• **ACTIVITY**: Transcribe the entries below exactly, starting with the line that has "SCHMUCK - BAND" and stopping after the line that has "エコクラフト （オーナメント）"; no pictures belong in the copy.

EXERCISE INPUT: Begin

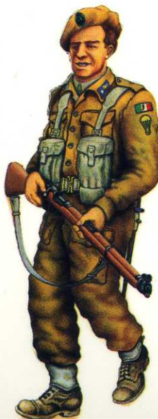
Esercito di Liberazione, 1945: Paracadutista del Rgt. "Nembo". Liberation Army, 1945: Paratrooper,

EXERCISE INPUT: End
EXERCISE INPUT: Begin

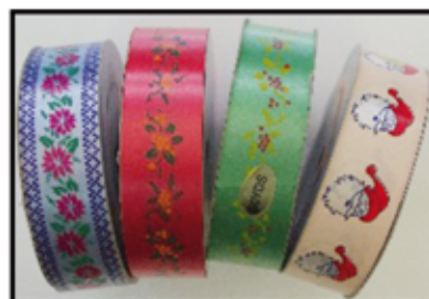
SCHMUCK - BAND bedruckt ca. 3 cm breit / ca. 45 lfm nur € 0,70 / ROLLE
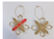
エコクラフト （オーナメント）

EXERCISE INPUT: End
EXERCISE INPUT: Begin

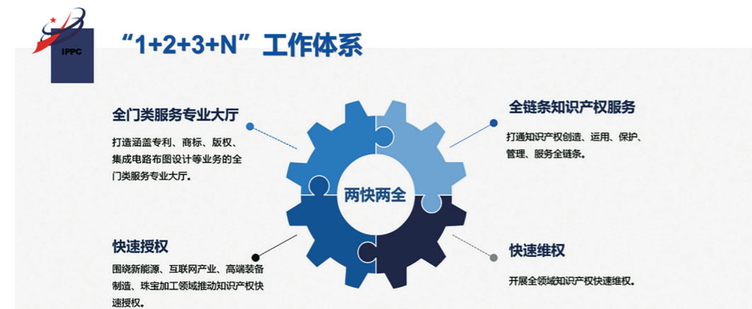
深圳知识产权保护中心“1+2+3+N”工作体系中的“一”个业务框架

EXERCISE INPUT: End

• **EXERCISE SOLUTION**:
SCHMUCK - BAND bedruckt ca. 3 cm breit / ca. 45 lfm nur € 0,70 / ROLLE
エコクラフト （オーナメント）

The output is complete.